Книга Самодержец пустыни - Леонид Абрамович Юзефович
Шрифт:
Интервал:
Закладка:
Нечто похожее произошло с бароном и в Монголии.
«Кто путешествовал по Центральной Азии, – писал Александр Грайнер, – тот мог слышать заунывную песню, которую поют у костра проводники и пастухи. Она о том, как один храбрый воин освободил монголов, был предан русскими и взят в плен, и увезён в Россию, но когда-нибудь он ещё вернётся и все сделает для восстановления великой империи Чингисхана».
Тот же самый романтический мотив использовал и Арсений Несмелов:
«Я слышал,
В монгольских унылых улусах,
Ребёнка качая при дымном огне,
Раскосая женщина в кольцах и бусах
Поёт о бароне на чёрном коне…»
Эта песня, которую едва ли слышали Грайнер с Несмеловым, входила в состав эмигрантского мифа об Унгерне. Но действительно, память о нём не могла исчезнуть в монгольских и бурятский степях. Причём здесь не было нужды отрицать его гибель, придумывать истории о побеге, о фельдшере Смольянинове. Для буддиста казнённый барон и без того мог возродиться в любой момент и под любым обличием. К лету 1921 года ореол, окружавший его имя, померк, затем вовсе угас, но, вероятно, опять вспыхнул позднее, когда в Монголии начали разрушать монастыри, расстреливать лам, топить в реках или увозить на переплавку священные изваяния, когда прервались вековые связи с Тибетом и рухнули устои кочевой культуры, воздвигнутые, по словам Унгерна, «три тысячи лет назад». В это время барон вновь должен был стать тем, кем он был в момент битвы под Ургой: освободителем Халхи, спасителем Богдо-гэгена, защитником веры, перерождением Махагалы или «белым батором», который, согласно предсказаниям, явился в «год белой курицы» дабы вернуть монголам прежнее величие[106]. Тогда он пришёл в образе русского генерала, но теперь может явиться в ином, ещё более неожиданном и грозном облике, и хотя пастух Больжи из улуса Эрхирик объявил Мао Цзедуна лишь братом Унгерна, тут имелось в виду новое воплощение всё того же «Бога Войны». Якобы кровные узы, связывающие даурского барона с «председателем Мао», были только способом выразить сверхъестественное родство в естественных категориях.
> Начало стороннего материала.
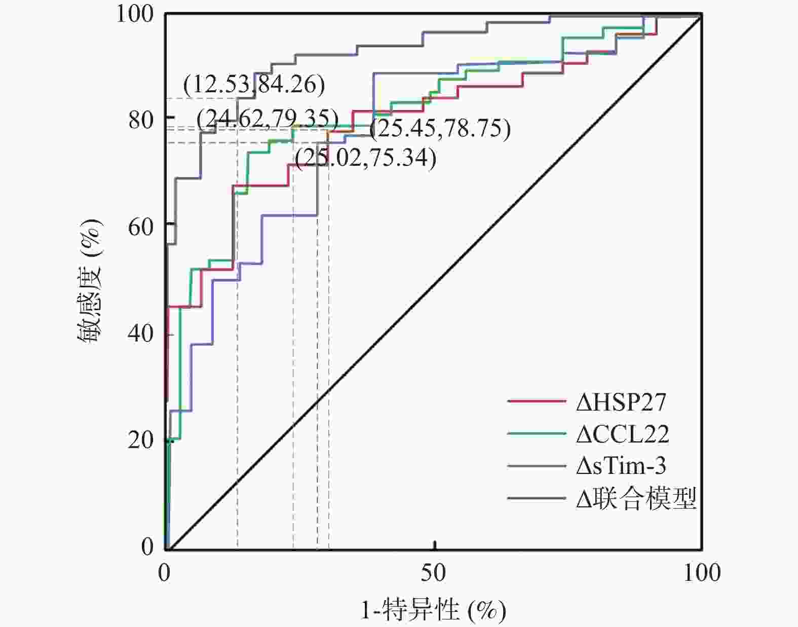指标 敏感度(%) 特异度(%) 准确度(%) AUC 95%CI Youden指数 最佳截断值 △HSP27 78.75 74.55 77.36 0.811 0.742~0.879 0.551 0.92 ng/mL △CCL22 79.35 75.38 77.14 0.823 0.755~0.890 0.583 67.38 pg/mL △sTim-3 75.34 74.98 73.82 0.799 0.728~0.870 0.515 56.24 pg/mL 三者联合模型 84.26 87.47 86.21 0.925 0.884~0.966 0.780 0.436 -

Что же касается воскресившей Унгерна русской легенды, она стала не более чем ещё одним из мифов о нём, какие всегда складываются вокруг тех исторических фигур, чья сущность и жизненная задача не поддаются рациональному объяснению. Удобнее всего, разумеется, было счесть его просто сумасшедшим, но тогда тем труднее казалось понять, каким образом этот эксцентричный психопат мог стать азиатским владыкой и богом. Чтобы осмыслить метаморфозу, проще было объявить его выходцем из давно минувших эпох. В таком случае собственная растерянность перед загадкой этого феномена получала вполне приемлемое объяснение.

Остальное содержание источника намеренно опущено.